Nella notte agitata che ha preceduto il primo giorno di scuola, A. ha dormito come sempre con la sua «maschera», collegata al respiratore. Ma gli allarmi hanno suonato per tutta la notte: ad ogni movimento brusco della piccola che cercava di prendere sonno, i tubi e i fili tirati facevano scattare i sofisticati meccanismi che garantiscono il suo respiro.
Una notte insonne per la mamma, che è una mamma acquisita, un’infermiera che prima ha preso in affido la piccola A., che era stata abbandonata in ospedale, e ora l’ha accolta nella comunità familiare che lei stessa ha fondato. Ma questa è una storia lunga, e una mamma è mamma quando veglia per una notte intera, e per tutte le sue notti, sul respiro di una bambina.

A. dunque ha avuto bisogno del suo angelo custode terreno, oltre che di quello celeste, per arrivare viva ed emozionato al primo giorno della «scuola dei grandi». L’idea di andare alla «scuola dei grandi» era quella che l’aveva agitata.

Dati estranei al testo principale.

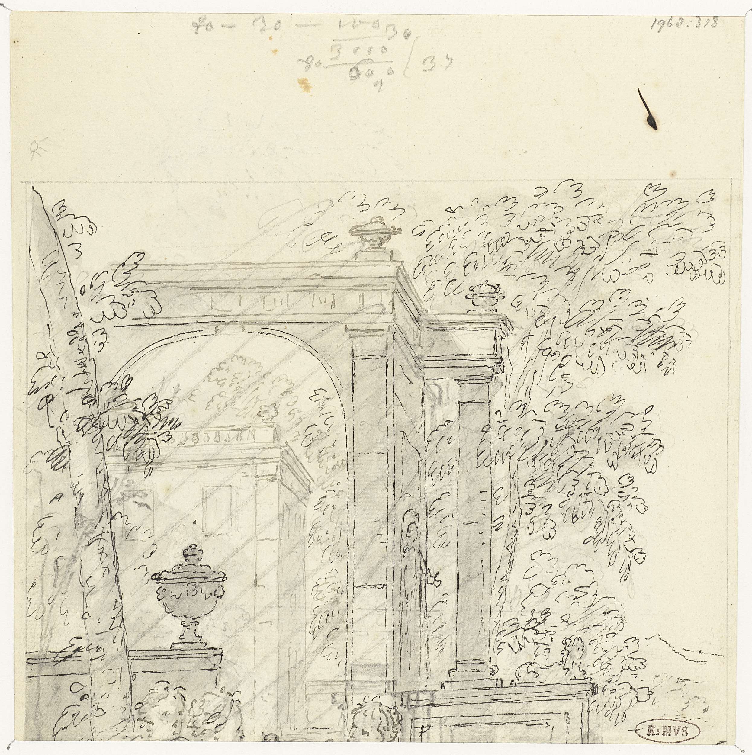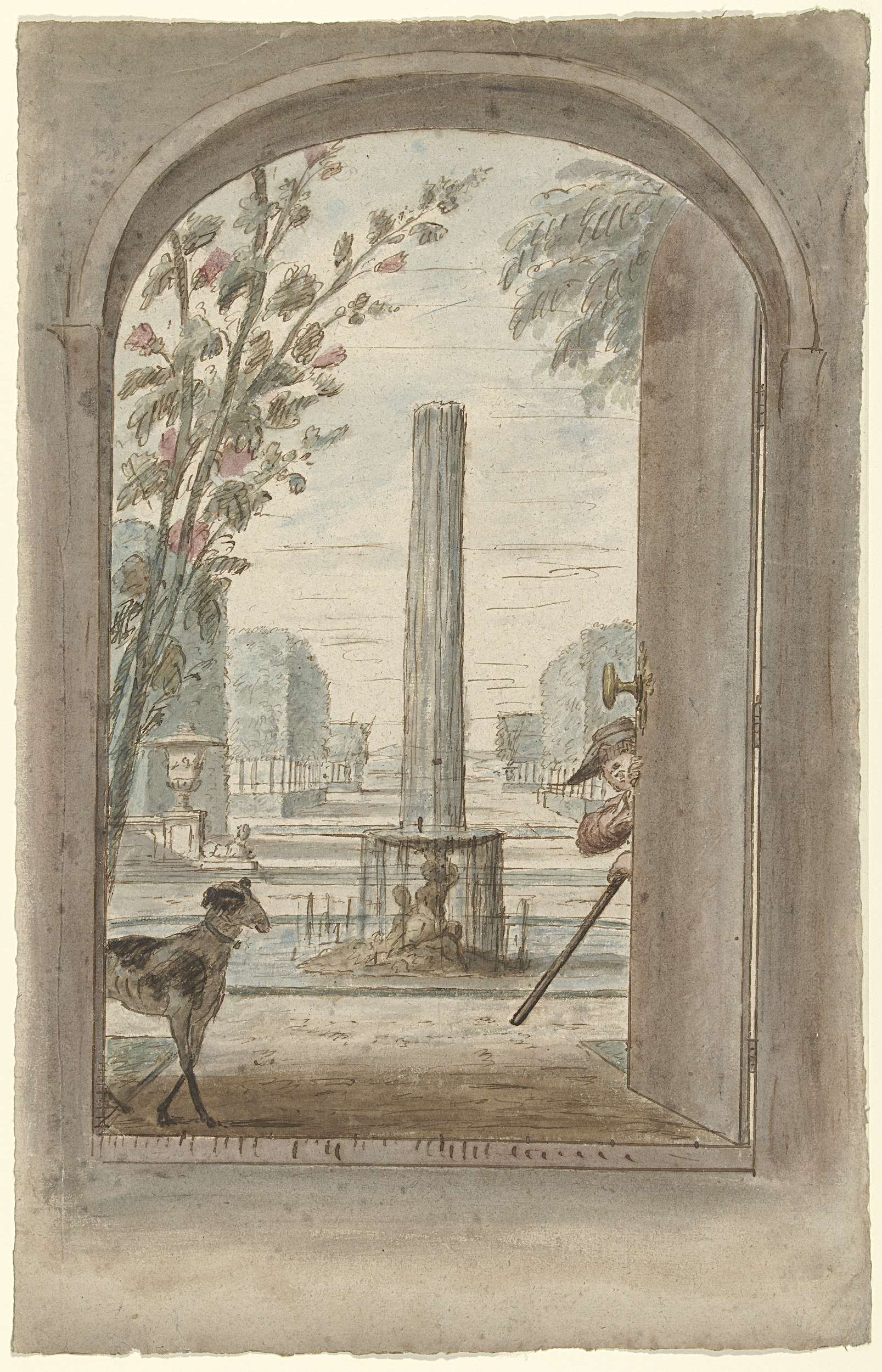 Fragment van een tuingezicht met architectuur en fig...
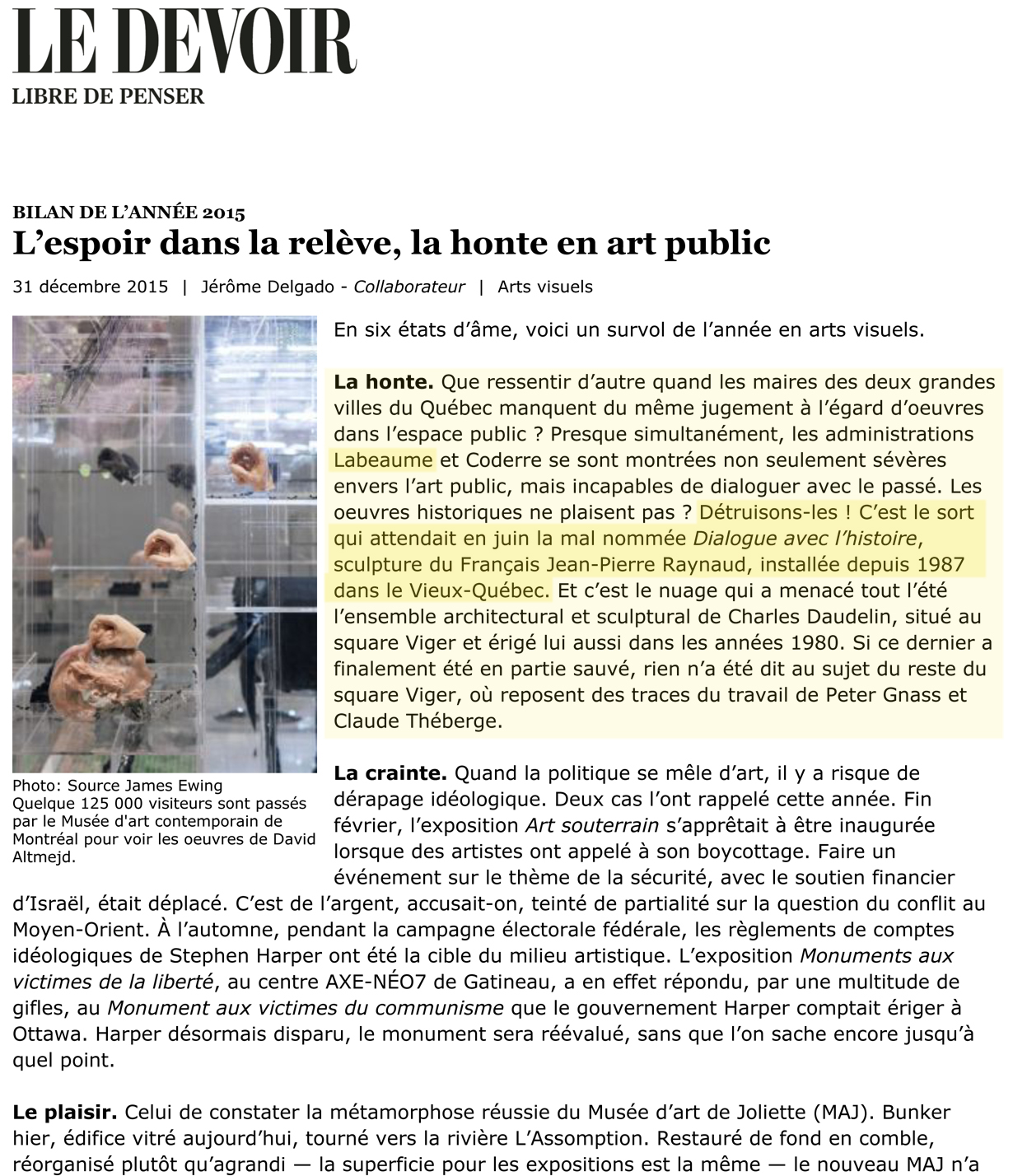 La honte: Que ressentir d’autre quand les maires des deux grandes villes du Québec manquent du même jugement à l’égard d’oeuvres dans l’espace public ? Presque simultanément,
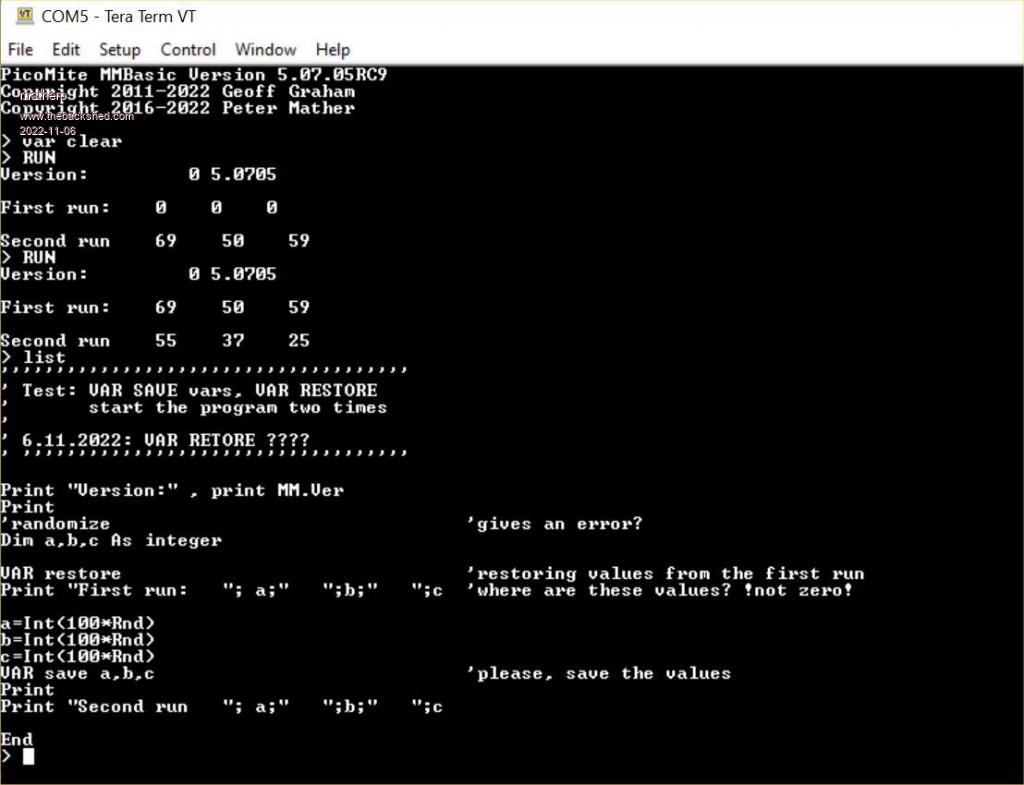 Just tested the program with firmware V5.07.05RC9 and on two different Pi Pico's. Found the same behavior as with V5.07.04. At the moment I have no idea how to use VAR SAVE/RESTORE.
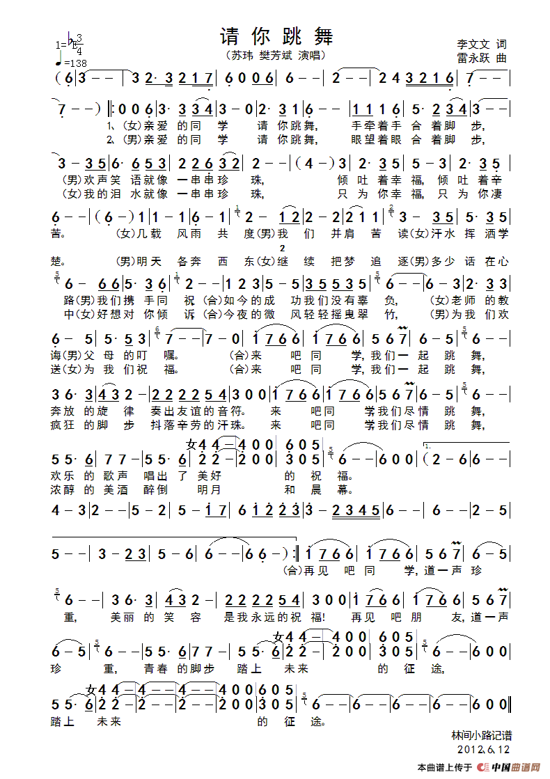 关于《请你跳舞》曲谱的评论

«Mamma, non ci credo che sono diventata grande!», ha detto appena sveglia come un grillo, alle sette di mattina, davanti alla colazione. E insieme con l’entusiasmo per l’essere diventata «grande», anche la paura «di sbagliare le letterine».

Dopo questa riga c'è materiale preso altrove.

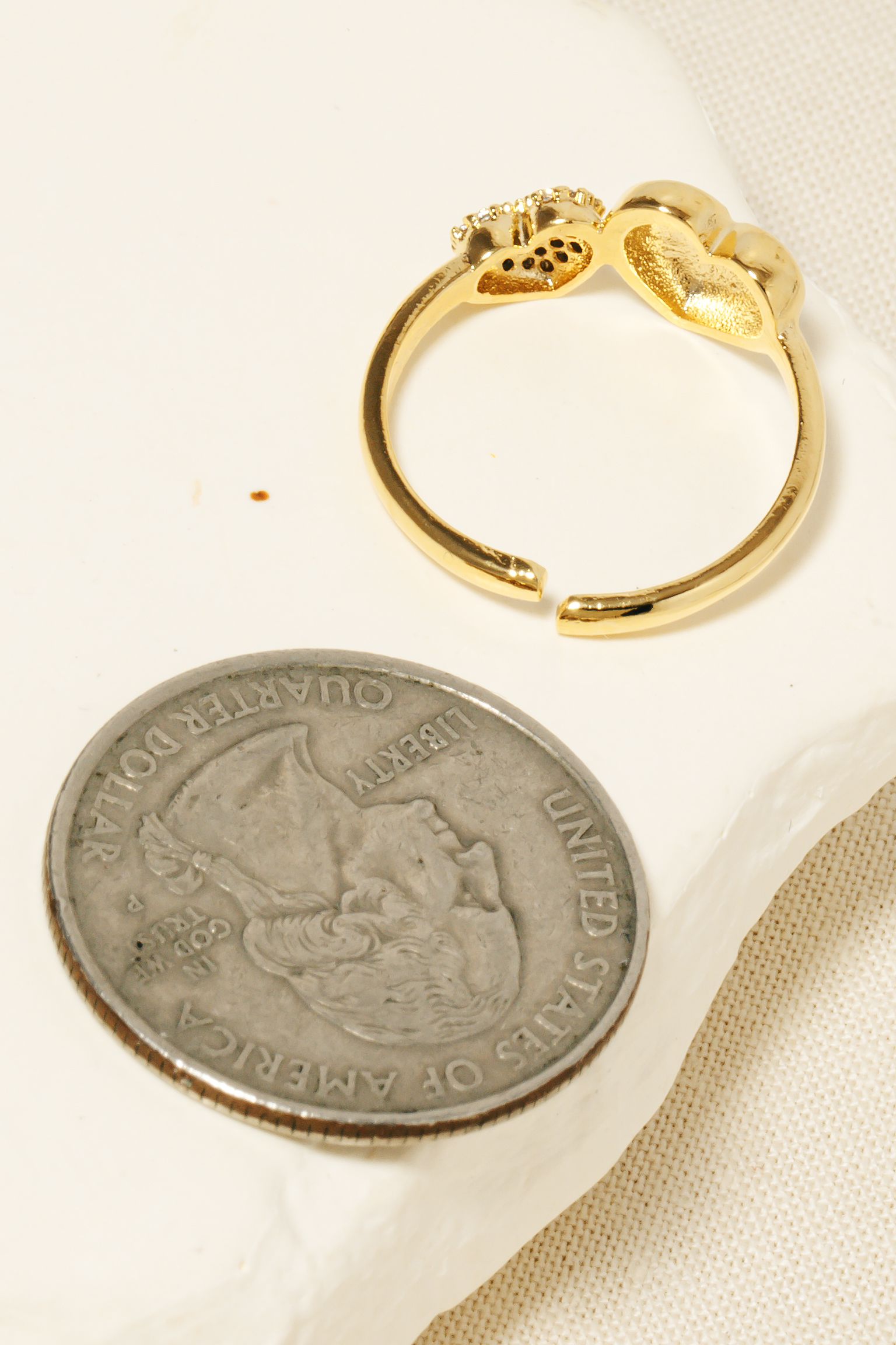 Gold Dipped Cz Pave Love Heart Open Band Ring
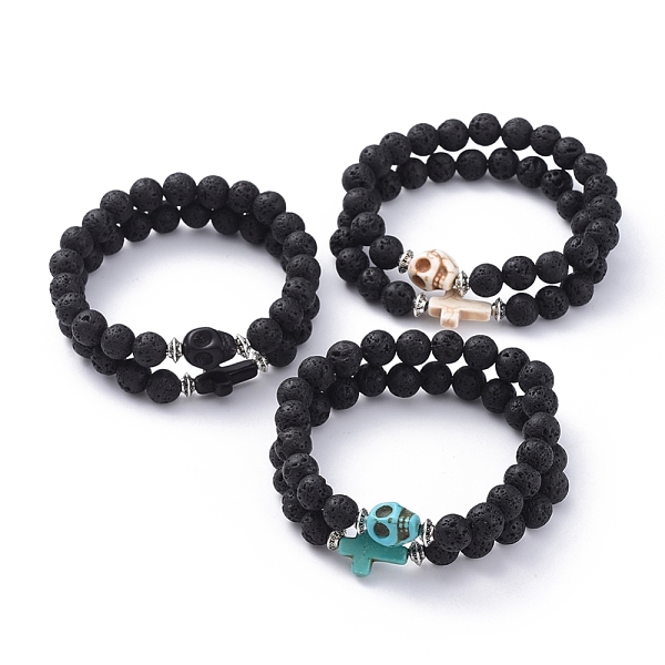 PandaHall Natural Lava Rock Beaded Stretch Bracelets, with Tibetan Style Bead Spacers and Cross Synthetical Howlite Beads, 53mm Lava Rock... Price: $9.38 | PandaHall
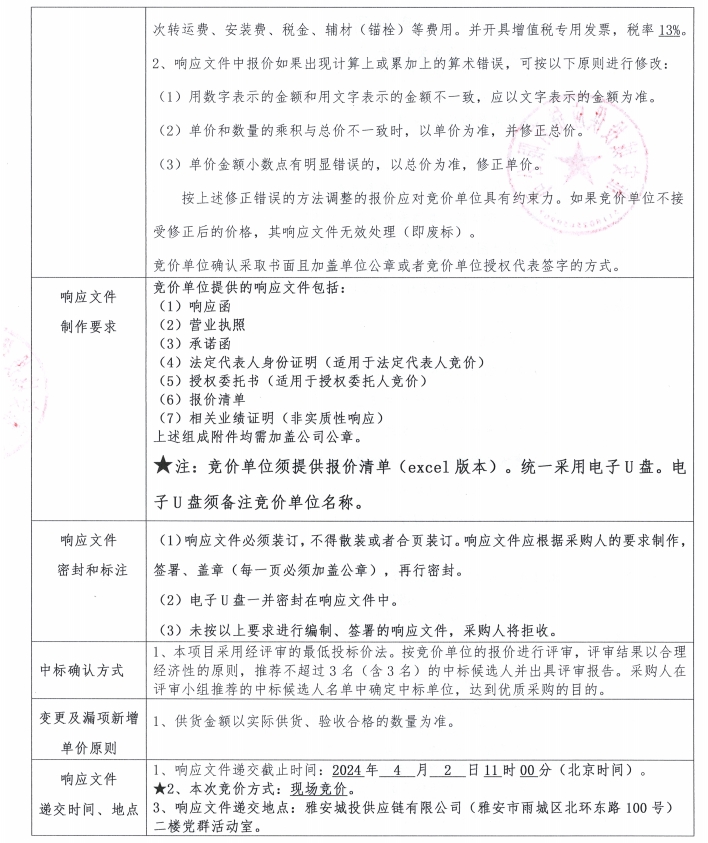響應(yīng)文件格式-蒙頂壹號抗震支架采購

«La maestra mi sgriderà se sbaglio?», ha chiesto A. prima di entrare nella scuola. E chissà come le è sembrato grande quell’edificio nuovo, un plesso nel quale ieri hanno fatto il loro ingresso per la prima volta altri due bambini che, come A., sono «bambini speciali, cioè diversamente abili», come suggerisce premurosa la sorella grande di A.
Il corredo di A. è uguale a quello dei suoi compagni, con qualcosa in più: oltre allo zainetto rosa corredato da quaderni, diario e astuccio, A. arriva a scuola ogni mattina col suo respiratore, che viene montato nella stanza accanto all’aula scolastica, pronto per ogni evenienza.

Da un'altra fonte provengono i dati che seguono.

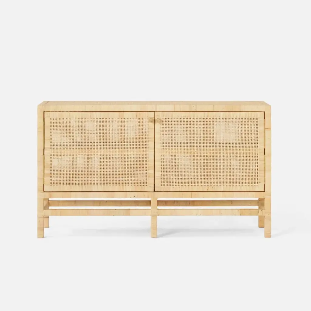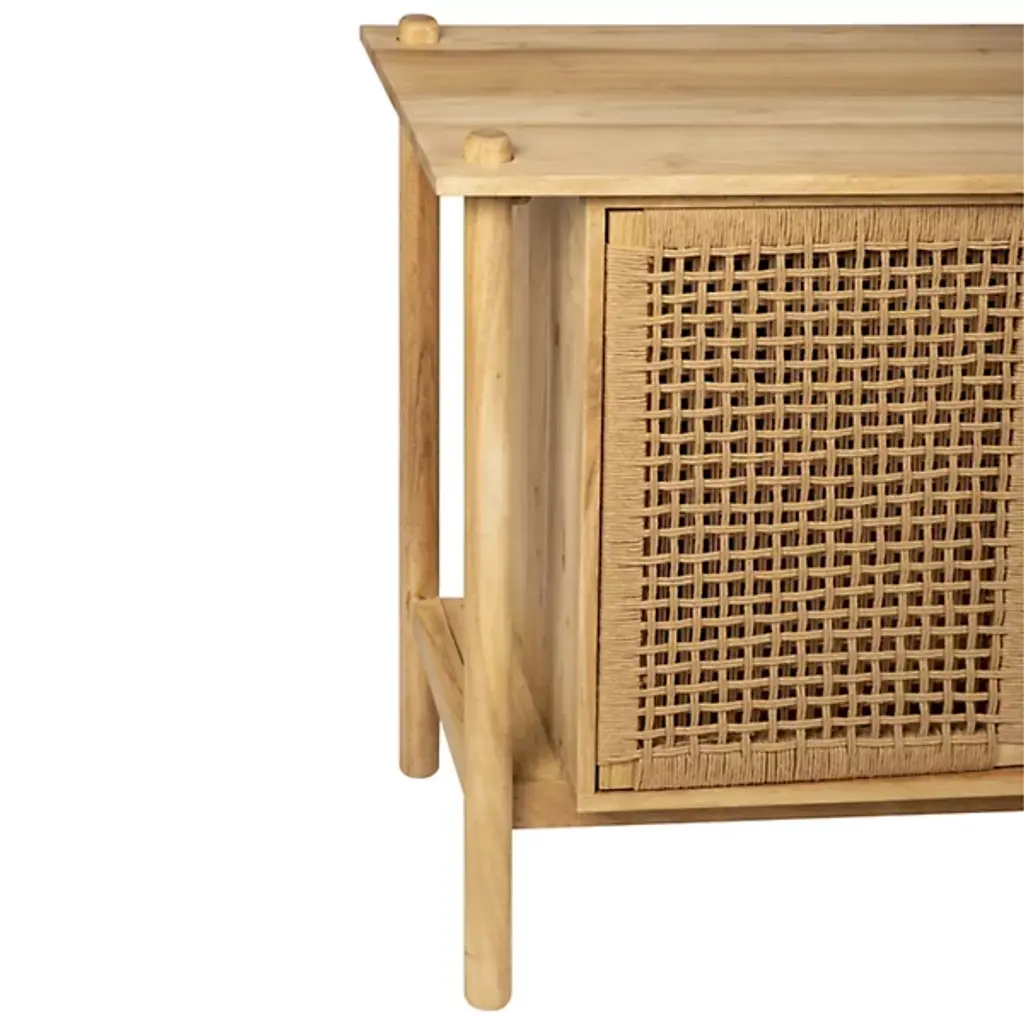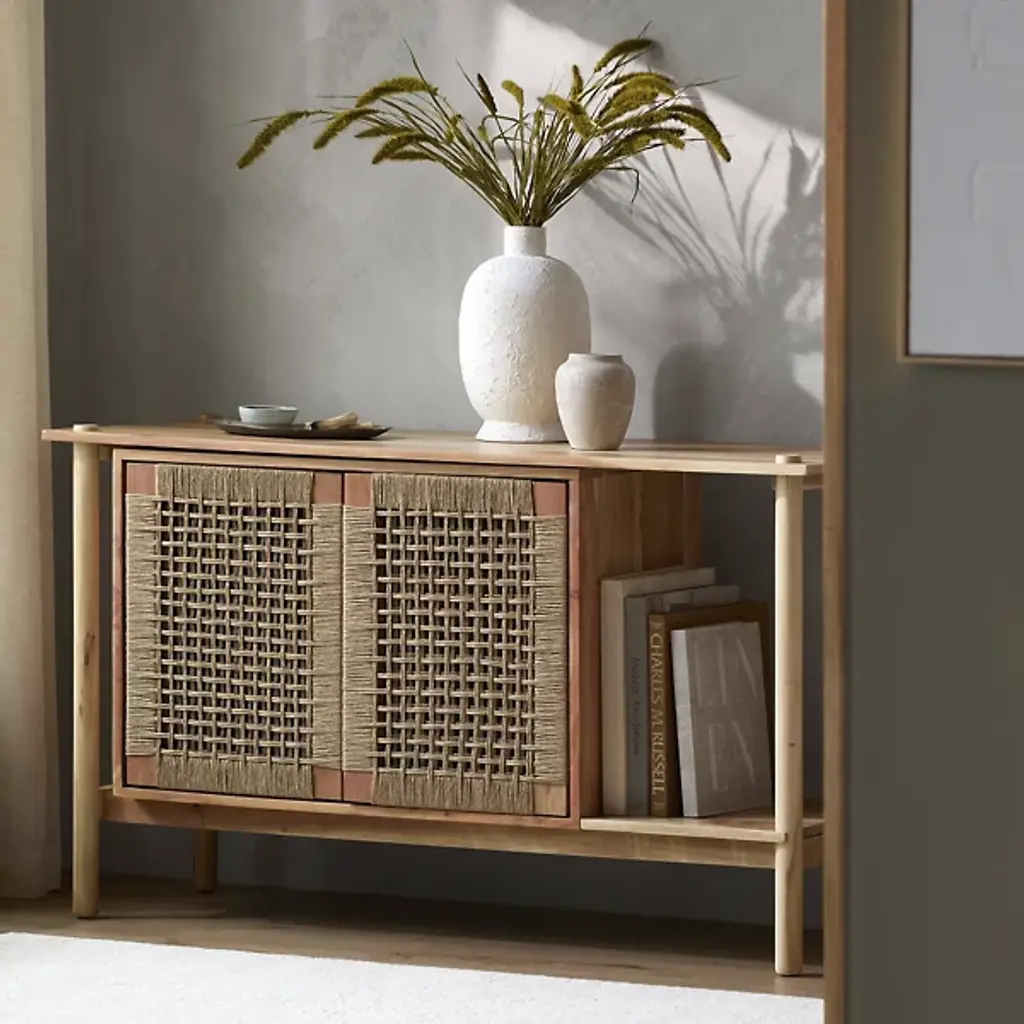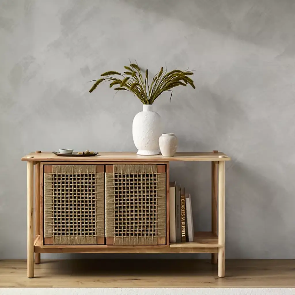 The Orly Cabinet by Surya offers a harmonious mix of rustic warmth and Scandinavian craftsmanship. Made in India from durable mango wood, this piece features a rectangular hardwood top and a lower shelf for open display. The woven wicker-fronted storage compartment also offers an alluring organic texture and practical functionality that will keep the surrounding space clean and stylish.

A. infatti potrebbe averne bisogno all’improvviso: una puntata febbrile, una caduta o altri eventi imprevedibili potrebbero farle perdere i sensi. In quel caso, il respiratore sarebbe la sua salvezza. In tre anni di asilo che A. ha regolarmente frequentato, è stato necessario ricorrere al respiratore per due volte.
A. viene seguita da una maestra di sostegno e da un’assistente ad personam. Sono molte le attenzioni che la circondano, e anche le maestre hanno accolto la bambina, consapevoli della sua particolarità. Ma la sfida è essere normali. I «nati due volte», come li ha definiti Giuseppe Pontiggia raccontando la storia di suo figlio disabile, sono una scuola per gli altri, un’occasione di rinascita.

Così, ieri per A. e per i suoi compagni è iniziata l’avventura della scuola. Un’avventura che A. ha voluto iniziare in autonomia, chiedendo e ottenendo di entrare da sola in classe. Una volta insediata al suo posto, ha esordito con quella frase - «e adesso studiamo?» - che esprime così bene la voglia di crescere, di diventare bravi, che hanno dentro i bambini.
Una volta tornata a casa, sfinita dall’emozione della giornata, alla domanda della mamma: «Allora, hai studiato?», A. ha risposto con una frase che andrebbe inviata per direttissima al ministro Fioroni: «No, mi hanno fatto giocare e disegnare».